No sooner had she gone than Mrs Harris’s false good cheer disappeared and she became brusque in her manner. She said, ‘I will not tolerate any rudeness or cheek. I expect you to be quiet at mealtimes and to speak only when spoken to. Children should be seen and not heard and there is to be no swearing, shouting or running in the house. You must abide by all the dos and don’ts listed on the door of the cabinet in the kitchen or there’ll be trouble.’
My feeling of well-being dissipated as quickly as the smoke that drifted up from Mrs Harris’s seemingly ever-present cigarette. Not long afterwards, Jimmy, Donald, Thelma and Dot came in from school and I was introduced to them. I barely recognised Jimmy, who I had not seen for eighteen months, as he had grown a lot and was now a good-looking young lad. He had soft, light-brown hair that was combed back and parted on the left with a soft, wavy quiff topping his high forehead. Eighteen months is a long time at that age. Promising that he would look after me, he took me up to our bedroom to show me his toys and comics to take my
mind off Mam’s departure. I cried for a long time as we sat on the bed huddled together like a couple of street urchins. I felt lost and frightened in this strange, unfriendly and terrifyingly new place.
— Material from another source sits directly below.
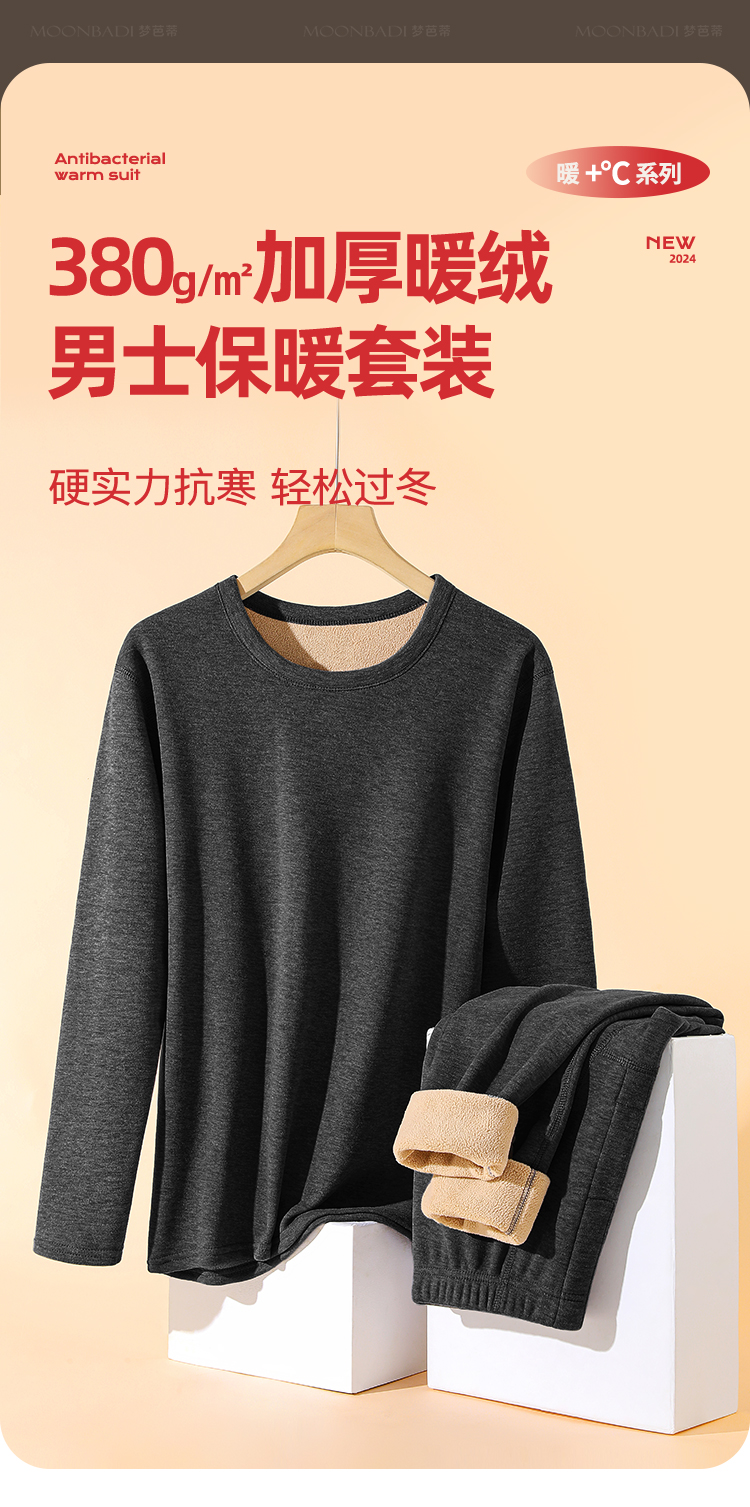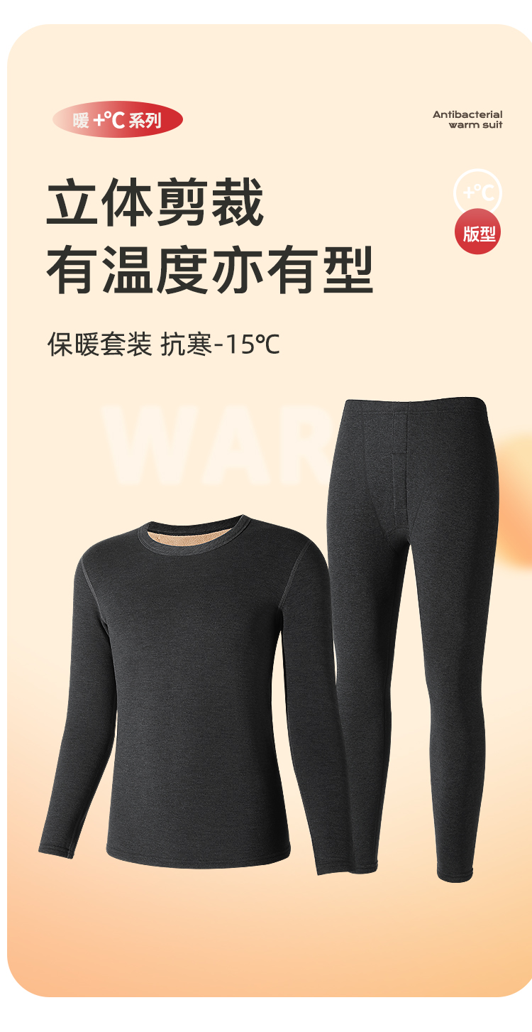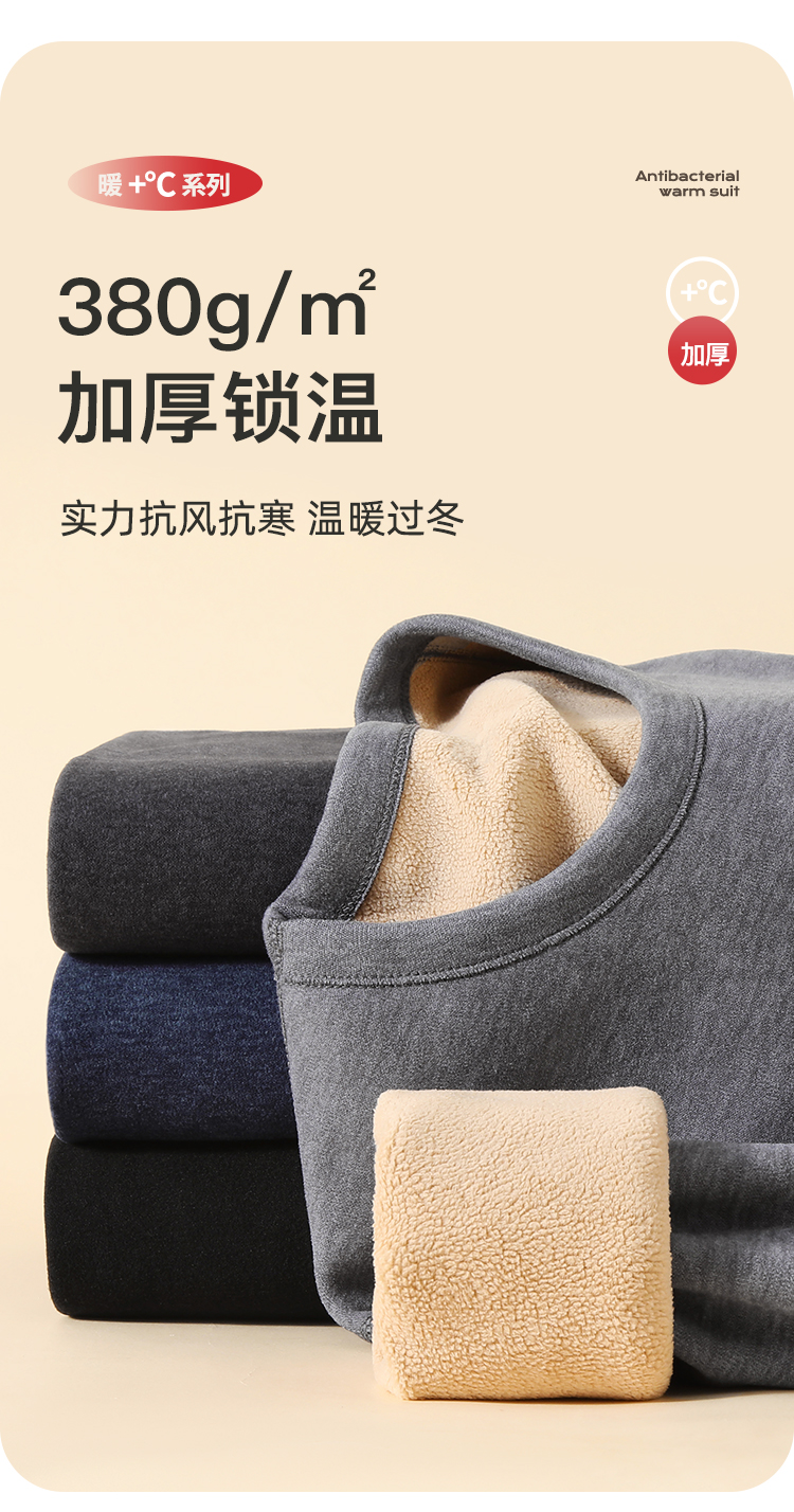 【双面暖绒】380g加厚男士保暖套装聚热锁温无痕圆领秋衣秋裤男士奥利保暖套装

I was slow to settle in as I was very shy and I always felt ill at ease with the obsequious Donald, whom everyone called Ducky. He had clammy hands and shifty, darting eyes that always seemed to be watching me. Dot was a thin, droopy girl with short dark hair and a fringe cut just above her eyes. She seemed a bit dopey and slow-witted. I liked the congenial, lively and no-nonsense attitude of Thelma straight away and we got on well from the start. She was a good-looking, bright sort of girl with a small heart-shaped face and intelligent brown eyes.
When Mr Harris came home from work, I took to him immediately. He was a smallish man with muscular arms that had a thin covering of fine fair hairs. A smiling, ruddy-faced, down-to-earth man who smelled of soil and sweat. He said, ‘’Ow do, lad. Welcome to our ’umble abode. Mek yersel at ’ome and don’t be frightened ter ask for anything.’
Wives always gave the working men the largest portions in those days and they were all hungry, tucking in to a meal of rabbit stew and dumplings with thick slices of crusty bread. I picked and fiddled with my food as I didn’t like the tiny bones in it and my shyness and the strangeness of my surroundings had taken the edge off my normally healthy appetite. There was only room for the two adults and the two big girls on the home-made, wooden side benches, so Ducky, Jimmy and I sat, squashed together, on the bench at the front of the table. Mrs Harris was not given to kind words and she always seemed to wear an expression of displeasure and was very strict. She made it crystal clear that the house, and particularly our bedrooms, were to be kept neat and tidy at all times, saying, ‘I’m not here to run after you lot or to pick up your discarded clothes,’ before adding, ‘and Jimmy you had better keep John right or you’ll have me to answer to.’